*Dataset section*.
════════════════════
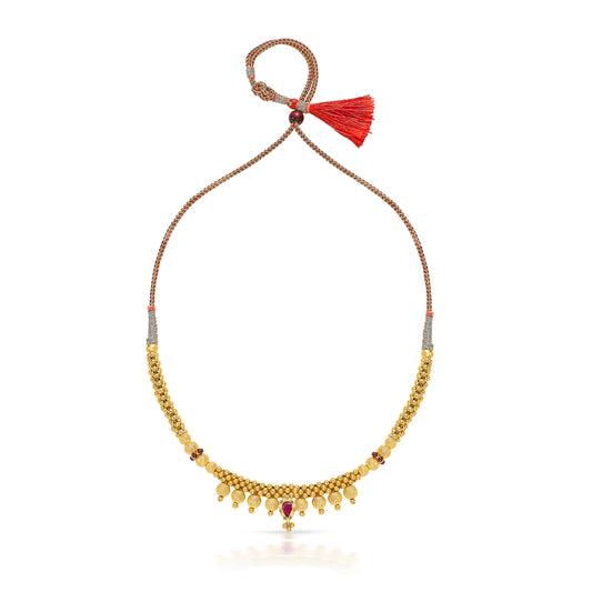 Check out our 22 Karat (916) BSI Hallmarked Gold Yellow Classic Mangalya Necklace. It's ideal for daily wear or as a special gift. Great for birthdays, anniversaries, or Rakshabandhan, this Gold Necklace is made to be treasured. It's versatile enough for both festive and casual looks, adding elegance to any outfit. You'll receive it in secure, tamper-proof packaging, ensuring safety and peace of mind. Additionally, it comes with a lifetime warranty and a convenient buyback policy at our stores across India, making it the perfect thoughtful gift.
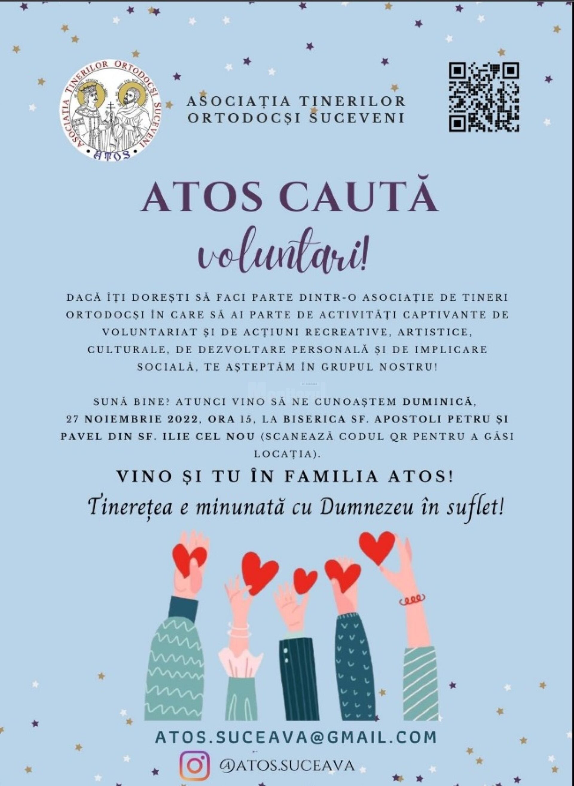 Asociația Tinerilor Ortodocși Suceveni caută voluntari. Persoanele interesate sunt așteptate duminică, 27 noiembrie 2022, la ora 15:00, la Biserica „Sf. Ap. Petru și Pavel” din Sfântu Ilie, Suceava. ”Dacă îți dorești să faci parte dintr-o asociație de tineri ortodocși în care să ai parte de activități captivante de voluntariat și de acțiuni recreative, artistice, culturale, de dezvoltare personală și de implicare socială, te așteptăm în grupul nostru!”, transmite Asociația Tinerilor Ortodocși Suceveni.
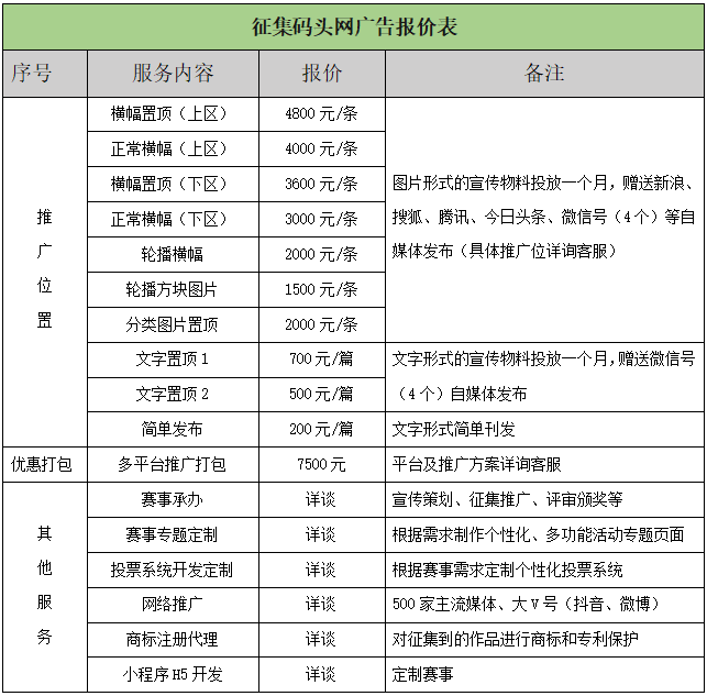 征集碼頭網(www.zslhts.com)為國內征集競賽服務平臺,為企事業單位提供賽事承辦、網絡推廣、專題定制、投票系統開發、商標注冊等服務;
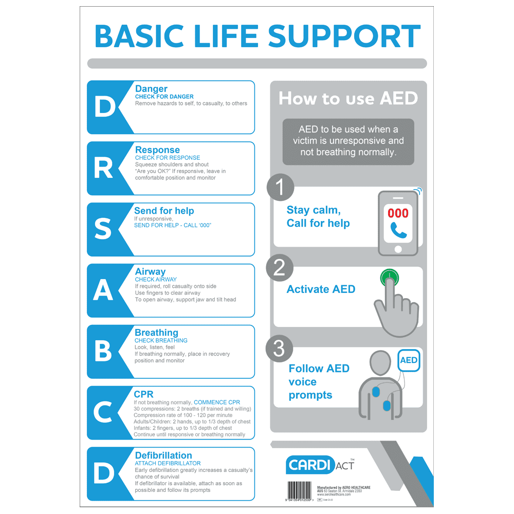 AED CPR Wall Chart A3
════════════════════
*Task to complete*.
In the answer, the data should reappear exactly, with no pictures.

*Written answer*.
 Check out our 22 Karat (916) BSI Hallmarked Gold Yellow Classic Mangalya Necklace. It's ideal for daily wear or as a special gift. Great for birthdays, anniversaries, or Rakshabandhan, this Gold Necklace is made to be treasured. It's versatile enough for both festive and casual looks, adding elegance to any outfit. You'll receive it in secure, tamper-proof packaging, ensuring safety and peace of mind. Additionally, it comes with a lifetime warranty and a convenient buyback policy at our stores across India, making it the perfect thoughtful gift.
 Asociația Tinerilor Ortodocși Suceveni caută voluntari. Persoanele interesate sunt așteptate duminică, 27 noiembrie 2022, la ora 15:00, la Biserica „Sf. Ap. Petru și Pavel” din Sfântu Ilie, Suceava. ”Dacă îți dorești să faci parte dintr-o asociație de tineri ortodocși în care să ai parte de activități captivante de voluntariat și de acțiuni recreative, artistice, culturale, de dezvoltare personală și de implicare socială, te așteptăm în grupul nostru!”, transmite Asociația Tinerilor Ortodocși Suceveni.
 征集碼頭網(www.zslhts.com)為國內征集競賽服務平臺,為企事業單位提供賽事承辦、網絡推廣、專題定制、投票系統開發、商標注冊等服務;
 AED CPR Wall Chart A3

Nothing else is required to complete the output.